Crash

Find a light switch in your house. A good stiff one, which is just a little hard to move. Now click it about twice a second for several seconds.

That is the sound which came out of my hard drive last night.

Yup. My 5-year-old personal computer is dead. It’s bleedin’ deceased. It’s shuffled off this mortal coil. Etcetera.

Fortunately I backed up everything a couple of weeks ago, just after a virus scare. So all I lost was a few photos and my email archives. Nothing earth-shaking.

I have already, with the help of co-worker Jeremy, put together a shopping cart over at New Egg which I will soon submit, and then, for the first time in about eight years, build my own computer.

But this weekend I will enjoy 48 hours without a computer. Maybe I will read a book, or something.

O God It Burns, part II

060924_peppers

This is the most recent harvest from my pepper plants. 29 cayennes, 6 jalapeños and 8 habaneros. The cayenne and jalapeño plants are done, and there are maybe 40 more habaneros still turning orange, awaiting harvesting.
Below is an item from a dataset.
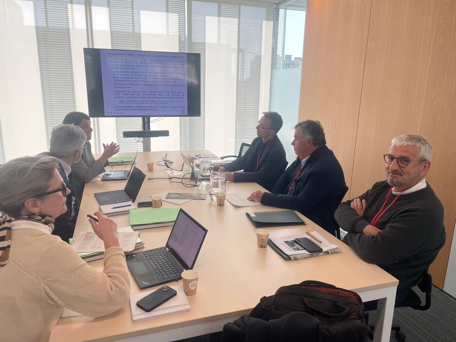 Durant la reunió, celebrada a la seu del Departament d’Economia i Finances de la Generalitat, es va exposar la situació actual del sector forestal i la necessitat d’impulsar mesures que incentivin la gestió activa dels boscos. En aquest sentit, es va plantejar que els gestors forestals puguin desgravar-se un 30% de la quantitat invertida en gestió forestal a l’IRPF, sempre que les finques disposin d’un Instrument d’Ordenació Forestal aprovat.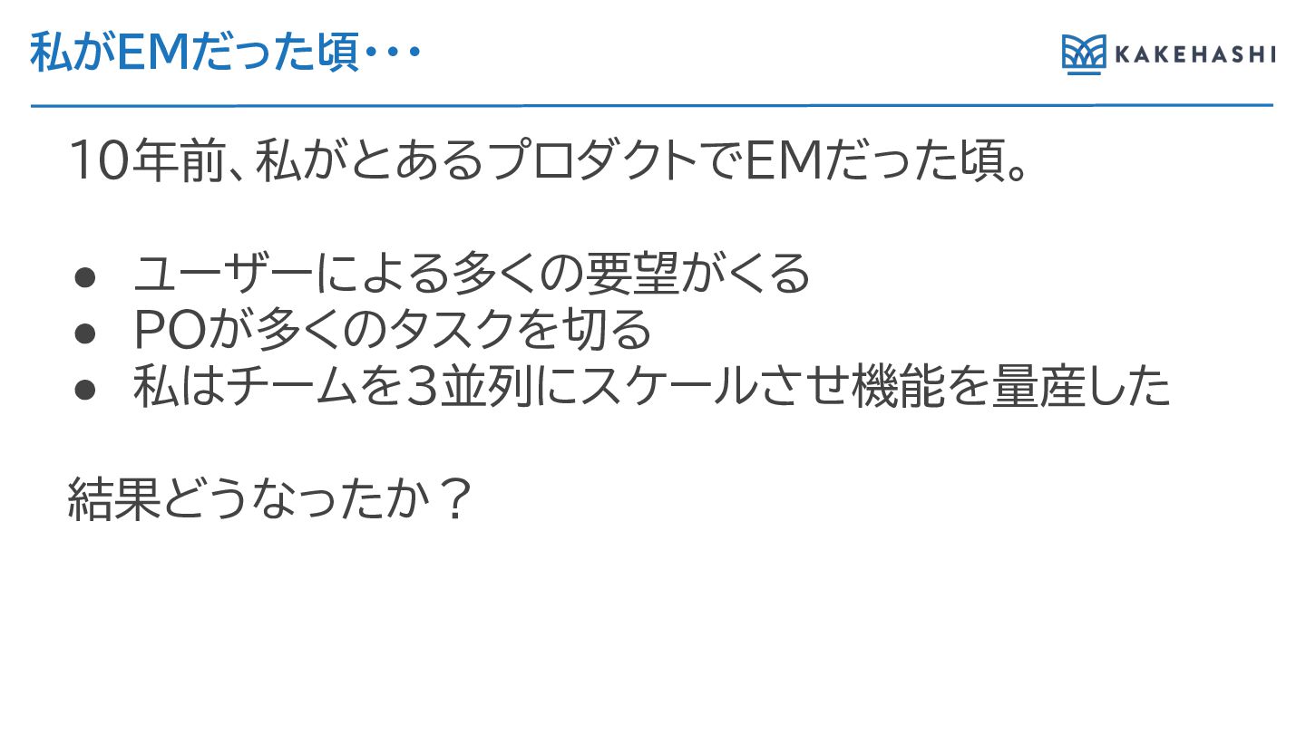 私がEMだった頃・・・ 10年前、私がとあ プロダクトでEMだった頃。 • ユーザーに 多くの要望がく • POが多くのタスクを切 • 私はチームを3並列にスケールさせ機能を量産した

This will bring the total for the whole season to, I think, nearly 100 peppers from three plants. I am already planning a pepper garden for next year; at least a dozen plants and maybe half a dozen different kinds of peppers.
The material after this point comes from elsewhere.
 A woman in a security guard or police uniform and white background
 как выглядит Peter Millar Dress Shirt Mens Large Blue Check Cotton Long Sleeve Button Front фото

Point of interest: If you need to harvest peppers before they turn red, put them in a paper bag with a tomato. For some reason this will cause the peppers to change color.

Trees!

060918_trees

Consider the above photo.

The blue house on the left is mine. The house immediately to the right belongs to my neighbor Jeremy. Immediately in front of our houses is a row of four new Red Maple trees. Jeremy and I spent most of the day Saturday, and part of Sunday, digging out old sod, digging holes, planting trees, leveling ground, and laying in new sod.

Is It Not Magnificent?

Actually, Jeremy did the lion’s share of the heavy lifting; he had the trees in the ground before I returned home from Saturday morning practice. And he placed them so that, from a certain spot on either porch, none of our neighbors across the street are visible.

So now is the long, breathless wait to see if new leaves come in next spring.
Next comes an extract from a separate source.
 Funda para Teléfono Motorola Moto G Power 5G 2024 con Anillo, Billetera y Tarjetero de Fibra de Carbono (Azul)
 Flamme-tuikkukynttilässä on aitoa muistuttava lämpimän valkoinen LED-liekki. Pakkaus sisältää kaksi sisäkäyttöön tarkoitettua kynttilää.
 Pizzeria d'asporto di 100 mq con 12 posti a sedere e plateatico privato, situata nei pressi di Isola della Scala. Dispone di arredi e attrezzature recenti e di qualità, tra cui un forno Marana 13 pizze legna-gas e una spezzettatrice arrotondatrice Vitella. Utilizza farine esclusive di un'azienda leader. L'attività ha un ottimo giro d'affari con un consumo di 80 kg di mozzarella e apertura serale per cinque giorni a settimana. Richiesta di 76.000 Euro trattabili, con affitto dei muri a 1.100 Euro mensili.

As a side note, the paint job on the blue car to the left of the photo confounded me for a little while, until I realized that the different shades of blue are there to break up the visual outline of the car. The logic there being that if the owner happens to be driving the car in, say, the north Atlantic in late 1942, German U-boat skippers will have a hard time seeing how big the car actually is and which direction it is traveling, and will therefore have a difficult time aiming their torpedoes.

Pretty smart, that fella.

O God It Burns!

060913_peppers

This is the take from my pepper plants this afternoon. 20 jalapenos (I gave five to a neighbor) and five super cayennes. I also have a habanero plant which has at least 30 peppers, which I will pick when they start to turn orange.

I have been making my own salsa since I first began harvesting peppers about a month ago, and lemme tellya, a jalapeno fresh from the plant makes a fine ingredient.

2 large tomatoes, diced
.5 of a large (tomato-sized) white onion, diced
1 good-sized yellow bell pepper. seeded and diced
1 can of corn kernels
2 regular, or 1 humongously heaping, tablespoons of finely chopped garlic
2 jalapenos and 1 cayenne pepper diced to about pixel-sized pieces
1 generous dusting of black pepper
1 light dusting of salt
1 light dribble of balsamic vinegar

Mix everything together and eat! Also good as a garnish over eggs.

In the same sense that any soup with beets as the main ingredient is technically borscht, any mix of chopped veggies that is predominantly tomatoes and hot peppers is technically salsa.

I think that next summer I will plant about a dozen pepper plants and maybe use some of them to make anti-personnel spray.